Dualization in algebraic $K$-theory and the invariant $e^1$ of quadratic forms over schemes
Volume 215 / 2011
Abstract
In the classical Witt theory over a field $F$, the study of quadratic forms begins with two simple invariants: the dimension of a form modulo $2$, called the dimension index and denoted $e^0 : W(F)\rightarrow\mathbb{Z}/2$, and the discriminant $e^1$ with values in $k_1 (F)= F^{\ast }/F^{\ast 2}$, which behaves well on the fundamental ideal $I(F)={\rm ker}(e^0)$.
Here a more sophisticated situation is considered, of quadratic forms over a scheme and, more generally, over an exact category with duality. Our purposes are:
$\bullet$ to establish a theory of the invariant $e^1$ in this generality;$\bullet$ to provide computations involving this invariant and show its usefulness.

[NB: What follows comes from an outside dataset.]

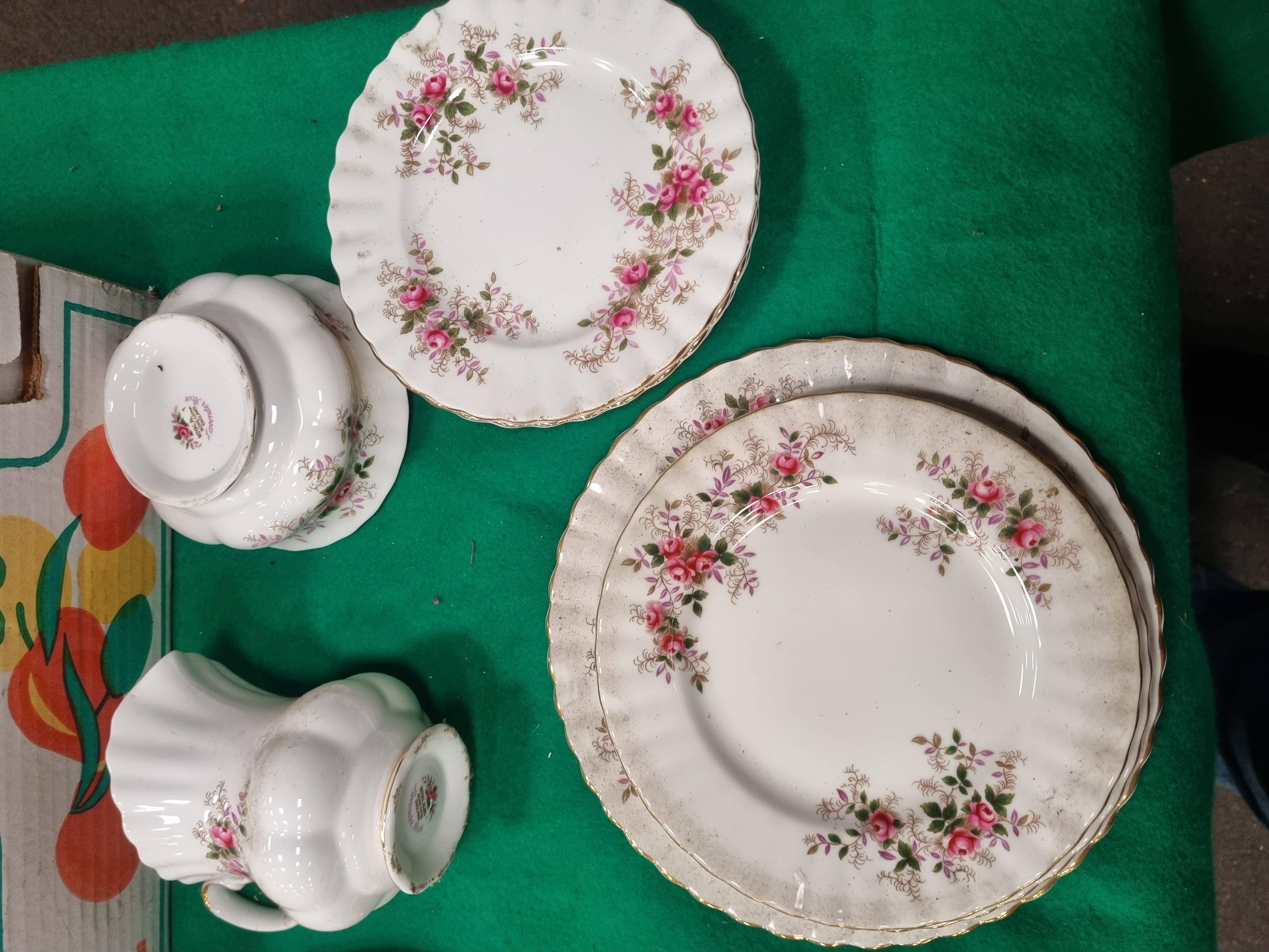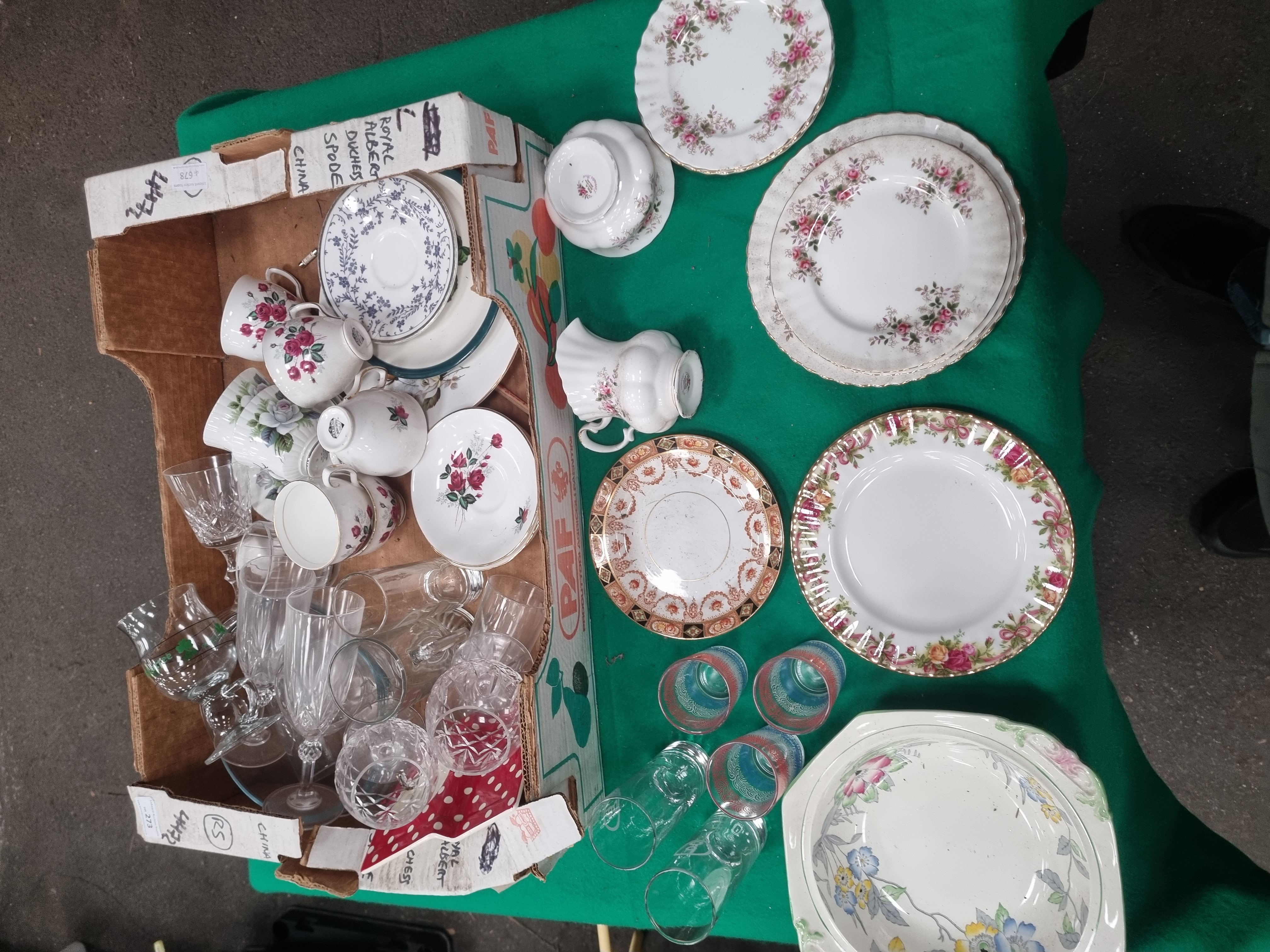 Lot 273: An Assortment of English Bone China including Royal Albert Lavender Rose and Mixed Glassware

We define a relative version of $e^1$ for pairs of quadratic forms with the same value of~$e^0$. This is first done in terms of loops in some bisimplicial set whose fundamental group is the $K_1$ of the underlying exact category, and next translated into the language of $4$-term double exact sequences, which allows us to carry out actual computations. An unexpected difficulty is that the value of the relative $e^1$ need not vanish even if both forms are metabolic. To make the invariant well defined on the Witt classes, we study the subgroup $H$ generated by the values of $e^1$ on the pairs of metabolic forms and define the codomain for $e^1$ by factoring out this subgroup from some obvious subquotient of $K_1$. This proves to be a correct definition of the small $k_1$ for categories; it agrees with Milnor's usual $k_1$ in the case of fields.
Next we provide applications of this new invariant by computing it for some pairs of forms over the projective line and for some forms over conics.